Several different equity analysts recently published a commentary on the PBH stock. In a research report published on StockNews.com on October 12, Prestige Consumer Healthcare was mentioned for the first time as the subject of coverage. The consensus recommendation for the stock was a “buy.” In a research report released on November 16, Canaccord Genuity Group announced that it would begin covering shares of Prestige Consumer Healthcare the following day. They encouraged investors to “buy” the stock and established a price objective of $71.00 per share. The “outperform” rating Oppenheimer has given to Prestige Consumer Healthcare was raised to $72.00, and the price objective they set for the stock was raised from $63.00 to $72.00. A published research note on Friday announced both of these alterations to the system. Canaccord Genuity Group issued a research note on November 17, announcing that they would start covering shares of Prestige Consumer Healthcare. The note was part of a larger publication. They recommend “buying” the stock and have established a price objective of $71.00 for the share price of the company’s common stock. Six equity research experts have suggested to investors that they should purchase the stock, whereas only one has suggested that they continue to hold onto it. The information from Bloomberg indicates that the company is currently rated as having a consensus recommendation of “Moderate Buy” and that the average price objective is $71.00.

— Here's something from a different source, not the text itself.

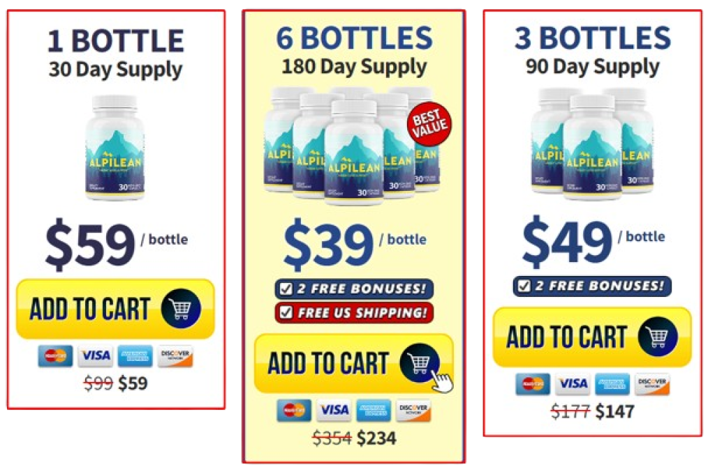 As part of an April 2023 promotion, Alpilean is available at a discount rate. Normally priced at $99 per bottle at retail, Alpilean is available for just $39 to $59 per bottle through a new promotion. Plus, certain qualifying purchases come with free shipping and bonus eBooks, and all purchases are backed by a 60 day moneyback guarantee.

At the opening of trading on Tuesday, the price of PBH was $66.62 per share on the NYSE. Over the previous year, Prestige Consumer Healthcare Inc.’s stock price ranged from a low of $48.51 to a high of $67.18 at various points. The company has a price-to-earnings ratio of 1.98, a price-to-earnings-to-growth ratio of 16.17, and a beta value of 0.57. It is valued at $3.30 billion. According to the price-to-earnings-to-growth ratio, the company is forecast to experience growth at a rate of 1.98 over the next few years. The ratio of the current ratio to the quick ratio is 1.29, while the ratio of the current ratio to the quick ratio is 2.21. The ratio of debt to equity is 0.89. The moving average of the company’s performance over the past 200 days is $57.09, while the moving average over the past 50 days is $61.72.

On November 3, the most recent quarterly earnings report made public was for Prestige Consumer Healthcare, which is listed on the New York Stock Exchange (NYSE) under the symbol “PBH.” The company announced earnings per share for the quarter of $1.02, which is $0.02 higher than the consensus projection of $1.00 based on the work of industry analysts. According to projections made by market analysts, revenue for the company’s most recent fiscal quarter was expected to fall somewhere between $282.93 million to $289.27 million. Both the return on equity and the net margin for the company came in at 12.88 percent for Prestige Consumer Healthcare, with 18.83 percent being the net margin. Profits for the year at Prestige Consumer Healthcare Inc. are expected to come in at 4.2 cents per share, according to projections made by analysts who follow the industry.

All of the over-the-counter (OTC) health and personal care products that Prestige Consumer Healthcare Inc. creates, manufactures, markets, advertises, distributes, and sells in the United States and internationally are distributed and marketed by the company’s subsidiaries. This includes both domestically and internationally sold products. The business is organized into two distinct divisions: the North American OTC Healthcare Division and the International OTC Healthcare Division.